The first shock did nothing and, whi
le her colleague started chest compressions, Ginny organised a dose of epinephrine and infused it through the IV tube. She checked the tube and the oxygen being fed into the woman’s lungs, tried drugs to stabilise the erratic heartbeat, then raised the voltage of the current, ordered staff to stand clear and shocked her again.
She followed the procedure all emergency personnel knew by heart—shock, drugs, shock, drugs, trying different drugs to stop the crazy beating. But though the voltage was increased twice, and more drugs tried—with frantic chest compressions forcing the medication through the victim’s body each time—in the end the heart gave up and they couldn’t bring her back. They could pump oxygen into her lungs, but without heartbeats to collect it from there and carry it to her brain, further shutdown was occurring every second.

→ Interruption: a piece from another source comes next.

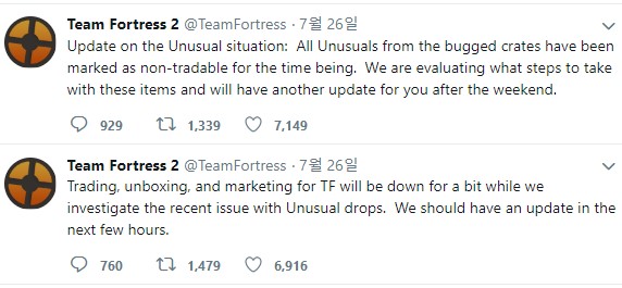 팀포트리스2는 26일 공식 트위터를 통해 버그 아이템의 거래를 중지했으며, 후속 조치에 대하여 논의 중이라고 밝혔다.

The bruised line on the girl’s neck had seemed to grow even more vivid as the team worked, and the callousness of the man who’d caused them filled Max’s heart with anger. How could someone dare to snuff out this woman’s life as carelessly as he might have stepped on an ant?
Working with silent determination, Ginny finished what she’d been doing before the crisis, eventually resealing the outer envelope of the rape pack and signing it. She passed it to Brent, who left the cubicle then returned without it. No doubt it was already on its way to the crime lab.
‘Does the fact that he doesn’t rape them mean it’s not a sexual crime?’ the young doctor asked, as he and Ginny began removing the monitor leads and drip lines.
Brent, perhaps not wanting to get too involved in conversation, said nothing, but Max could see no reason not to explain.
‘Serial killing is nearly always a sexual crime,’ he explained. ‘The offender might not get his thrill from raping or otherwise humiliating the bodies of his victims, but he’d still be aroused by the actual crime. It’s a bigger pay-off than you’d think, because he can replay the killing over and over in his mind.’